Earth has scads of nitrogen; some 78 percent of the atmosphere is made up of the stuff. But biology can't access it in its atmospheric form of molecular nitrogen, or N2; the nitrogen atoms need to be split apart and fixed to other atoms to form more reactive compounds, such as nitrates or ammonia.
Now that life exists, biological processes such as those in microbes living in the roots of plants can speed up the process. Human industrial techniques can also pump in nitrogen and pump out compounds like ammonia by the tank load.
But before there was life, a non-biological process was needed to kickstart nitrogen fixation. And here's where electricity – lightning – comes into play. Electrical discharges can fix nitrogen, as first established in 1784.
And, because lightning is so ubiquitous during volcanic eruptions, triggered by the vast billowing clouds of ash, scientists thought that volcanic lightning might have played a role in triggering the nitrogen cycle before life had wriggled its way into the world.
Experimental studies showed that this was possible – but geological evidence for fixed nitrogen as a result of this process has been thin on the ground.

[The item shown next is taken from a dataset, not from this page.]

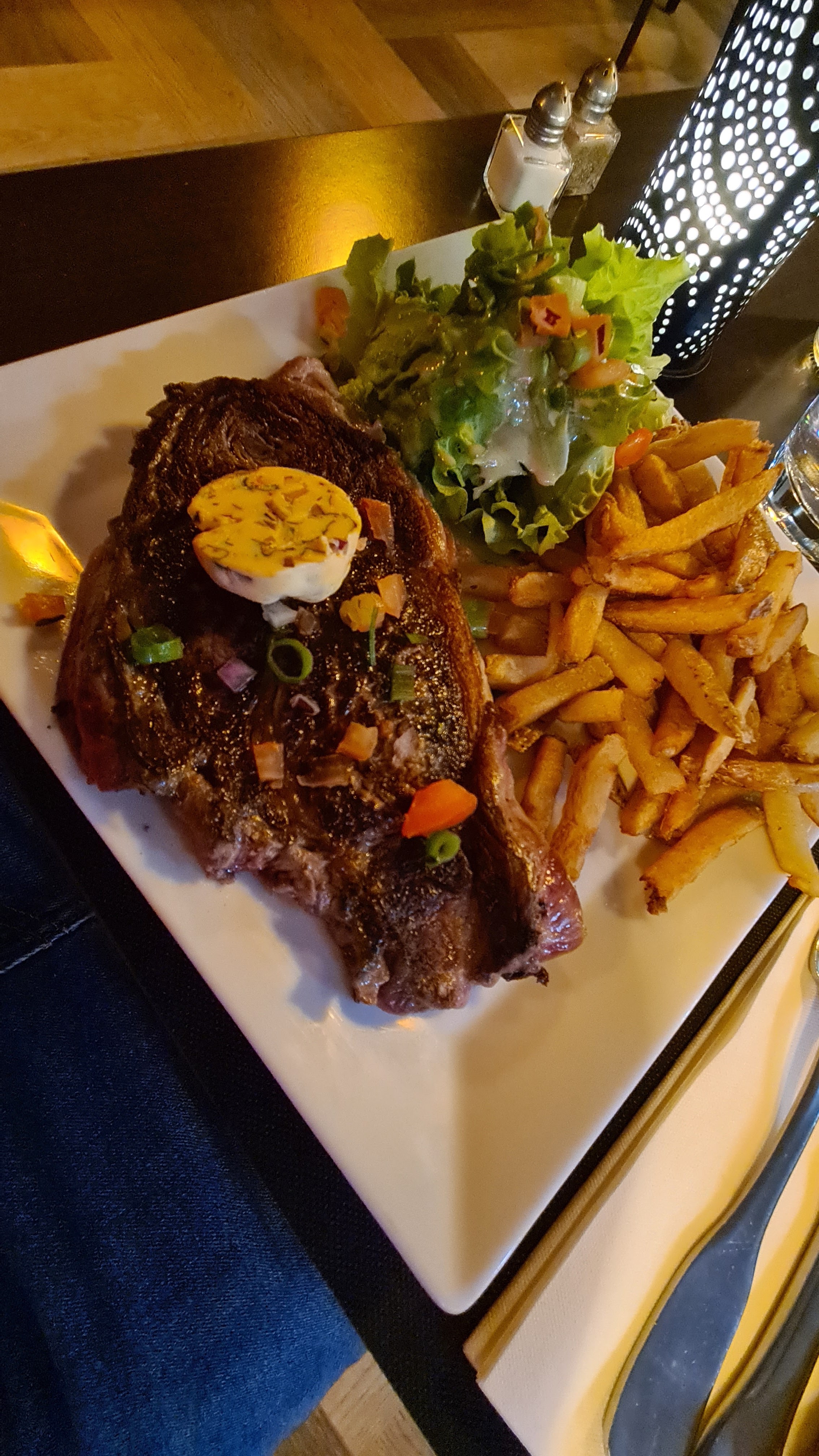 Très bonne entrée de viandes mélangées, certainement assez grande pour deux, le steak était ok. Si vous n'êtes pas français, assurez-vous de commander le steak en conséquence. Moyennement rare est rare pour le reste d’entre nous. Pas de musique de fond ni de bougies donc le lieu n'avait pas d'ambiance ambiante. Pas romantique. Chiens autorisés.

Aroskay and her team have found that evidence, in the form of nitrates embedded in ancient volcanic deposits. They collected samples from a number of volcanic deposits from explosive eruptions in Turkey and Peru, which took place between 1.6 and 20 million years ago, and looked specifically for nitrates, which are the end product of the oxidation of nitrogen.
They found significant concentrations of nitrates in all of the deposits they sampled, with features that indicated most of it was formed during volcanic eruptions. This, the researchers said, was remarkable.

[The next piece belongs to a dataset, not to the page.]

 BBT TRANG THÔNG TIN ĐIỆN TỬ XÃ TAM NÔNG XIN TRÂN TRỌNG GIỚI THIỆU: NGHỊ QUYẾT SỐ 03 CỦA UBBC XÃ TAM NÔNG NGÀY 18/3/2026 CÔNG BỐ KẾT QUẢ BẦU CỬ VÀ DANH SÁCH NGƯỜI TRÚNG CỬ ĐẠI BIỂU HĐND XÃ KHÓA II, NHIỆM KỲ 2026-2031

They also sampled younger volcanic deposits, approximately between 75,000 and 55,000 years old, from less explosive eruptions; there, too, they found nitrates.
There was no correlation between the age of the deposit and the concentration of nitrates, which means, the researchers believe, that the deposition of the compounds is not a result of gradual processes that occur over long timescales. The nitrates are dumped into the volcanic rock in one fell swoop.
The concentrations of sulfur and chlorine in the deposits were also consistent with a volcanic origin. Taken together, this suggests that volcanic lightning can fix nitrogen in amounts significant enough to play a role in life's emergence.
And it could give us a tool to interpret other nitrate deposits around the world. In the Atacama desert, for example, the presence of nitrates was attributed to atmospheric deposition, because it was thought that the ratios of oxygen isotopes weren't possible with volcanic deposition. The team's findings show that these bonds are possible in large explosive events.
"The discovery of nitrate in volcanic deposits makes them the first field evidence and geological archive of N-fixation by volcanic lightning, and this can have important implications," the researchers write.
"We estimate that, on average, about 60 teragrams of nitrogen can be fixed during a large explosive event. Our findings hint at a unique role potentially played by subaerial explosive eruptions in supplying essential ingredients for the emergence of life on Earth."
The research has been published in the Proceedings of the National Academy of Sciences.